What can you do so you are not blindsided by health care costs in retirement?

  1. While you are still working consider a health saving account (HSA) if your company offers it.  The funds you don’t use today can grow in the HSA and be available to you to pay health care costs in retirement.  Remember, once you sign up for Medicare you can no longer fund your HAS so make sure you take that into consideration as you decide when to move from an employer plan to Medicare.  You can use the HSA to pay for Medicare premiums, copayments, coinsurance and deductibles (you can’t use it to pay for Medigap premiums.)  More on the rules for HSAs and Medicare here.

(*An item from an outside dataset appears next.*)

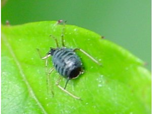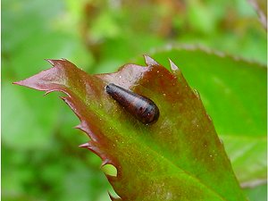| お馴染みのヒラタアブの幼虫です。卵から孵ったばかりの幼虫は数ミリです。 すごい食欲であっという間にアブラムシを平らげていきます。 アブラムシの体液を吸い尽くします。干からびたようなアブラムシの死骸ががたくさんあるときは きっと、この幼虫が大活躍しているはずです。 左側の幼虫はゴツゴツした体つきをしてます・・・蛹になる日も近いようです。 |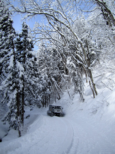 冬季はこの雪上車で山小屋と下の村を往復しています |

  2. Know the Medicare rules before you sign up.  There are lots of rules around Medicare sign up and missing deadlines can lead to lifetime penalties.  If you sign up when you turn 65 the process in pretty straightforward.  When you delay signing up for Medicare because you are still working, the process is a bit more complex so make sure you know the rules before you drop your coverage at work.  Medicare can cost more than you think.  You may pay a monthly Part B premium, a Part D premium for prescription drugs, and copays, deductibles and coinsurance depending on what type of coverage you have.   Read more about Medicare sign up rules here.
  3. Plan for yearly increases in health care costs.  Health care costs tend to rise faster than inflation and as we age most of us use more health care services.  Your retirement plan should include yearly increases in health care cost basics plus a reserve or additional insurance for paying what Medicare does not pay for including dental, vision and long term care costs.  Also an unexpected increase in income, for example from the sale of an investment property, can increase your monthly Medicare premium by putting you into a higher cost bracket.  Medicare is “means tested” which means that people with an income of greater than $85,000 pay more.  For example the income on the sale of a second home can jump you into a higher bracket for Part B and Part D premiums for a year.

In October, Medicare announces its premium and deductibles for the coming year.  For 2018, the prediction is that Medicare premiums will stay the same as 2017.  But remember, the cost of your insurance – Medicare supplement, Medicare Advantage and prescription drug plan will probably change.  And you can expect to pay more in copayments, deductibles and coinsurance and the drugs covered by your plan may change. So plan for health care cost increases each year.  And take advantage of the open enrollment period (Oct. 15 – Dec. 8) to make sure you have the best plan for your health care needs.